For all his conceits, Mister B. is a very commonplace demon. Nothing he does seems horrific, nothing he does lives up to the bone-chilling wrongness the book’s back cover promises, because it’s what I expect from a demon. I’m sure there’s a literary term for evil becoming predictable, even banal, because it’s exactly what the character doing that evil is supposed to do.
We expect heroes to be heroic, to stand against impossible odds, to protect innocents, to take on life-threatening tasks and come out both alive and successful. That’s what heroes do, and heroes who do nothing but that risk becoming boring and predictable. It ends up working out the same way for Mister B. As a demon, I expected him to corrupt, to threaten, to manipulate. That’s exactly what he did, and it got old halfway through the book.
Why, then, did I keep reading? Because of Mister B.’s own threats. This is another part of the book that didn’t work at all for me. As I said, Mister B. steps into his own narrative from time to time as he tries to get the reader to burn the book.

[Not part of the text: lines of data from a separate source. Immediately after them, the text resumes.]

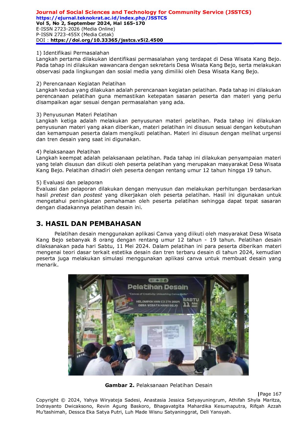 Pelatihan desain berbasis Canva di Kampung Wisata Kang Bejo telah berjalan dengan baik dan meningkatkan pemahaman peserta sebesar 25,40%.Peningkatan tersebut menunjukkan bahwa pelatihan efektif dalam memperkuat pengetahuan teoritis dan praktik desain grafis peserta.Ke depannya, diharapkan peserta dapat terus mengembangkan keterampilan desain mereka sehingga kualitas promosi dan produk desa semakin baik dan berkelanjutan.
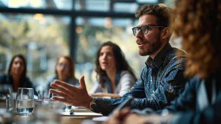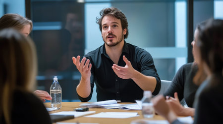 A business leader conducts a meeting with a focused group, fostering teamwork and collaboration while discussing important strategies in a professional environment.
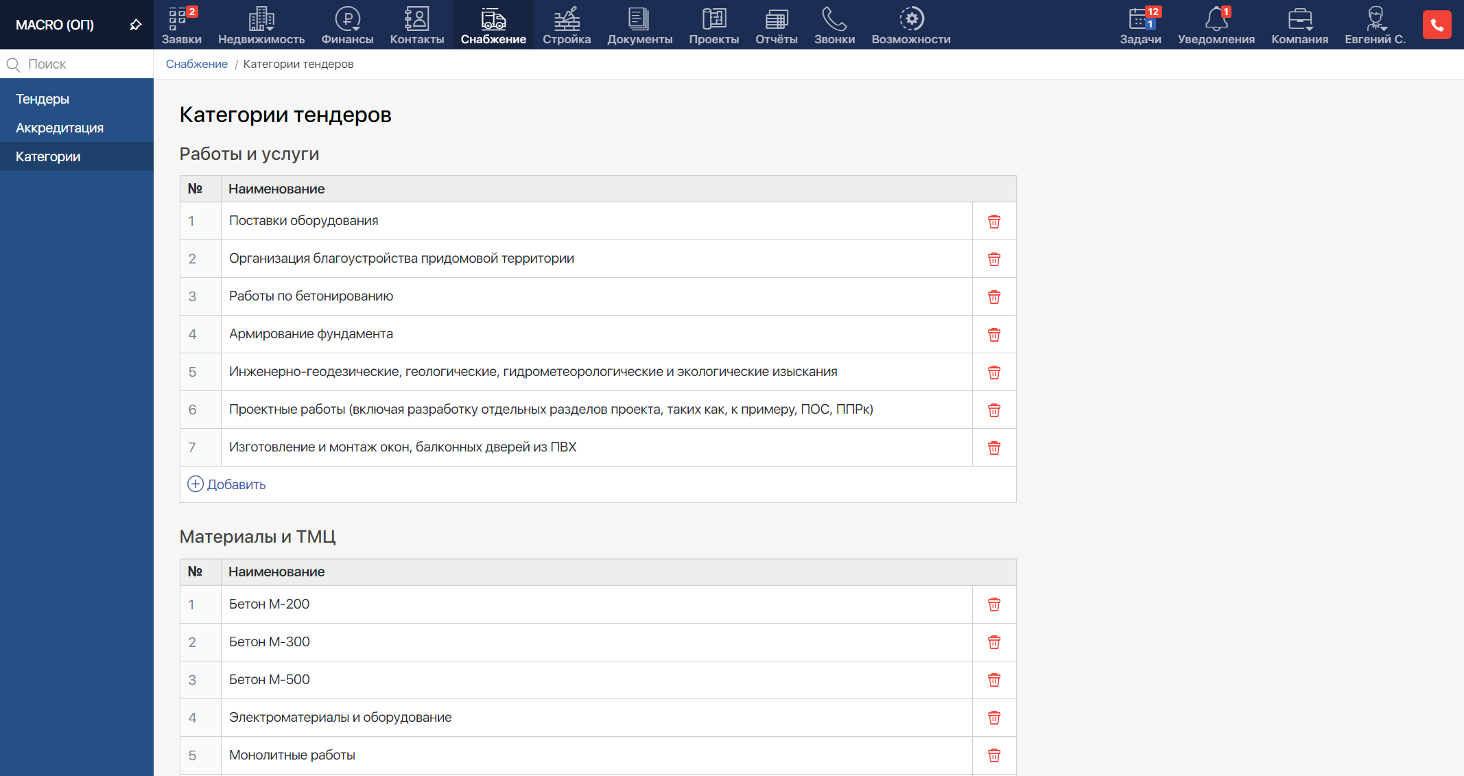 Категории тендеров задаются отдельно от номенклатуры снабжения в специальном интерфейсе на странице «Категории» внутри тендеров.

He threatens, he makes promises, he describes just how he’s going to kill the reader if they don’t stop reading and burn the book. Call me callous, but all it did was make me laugh, because it was too over the top to be scary.
Mister B.’s supposed reading of the reader ruined its own effect as well. He claims he can see the reader through the pages, claims he knows the reader’s reaction to his tale. This, of course, assumes a great deal about the reader. I know some people would find the book as scary and wrong as it’s supposed to be. But for Mister B. to say he can see my horrified expression when I’m really giving him a raised eyebrow of disbelief, well, it ruins the desired effect.
The concept of “the fourth wall will not protect you” isn’t a new one, but it depends on the audience feeling like it’s truly threatened. I didn’t feel that way once.
There is, however, one thing in this book that truly struck me as truly frightening. As fitting for a story starring a demon, it starts in Hell. There, Mister B talks about the other demons, and how some of them know they mean nothing in the greater scheme of Creation. Can you imagine that? Knowing the universe has a purpose and knowing you have no part in it – knowing that, ultimately, you do not matter.
It’s a shame that happens so early in the book, because it’s the scariest part of the entire story.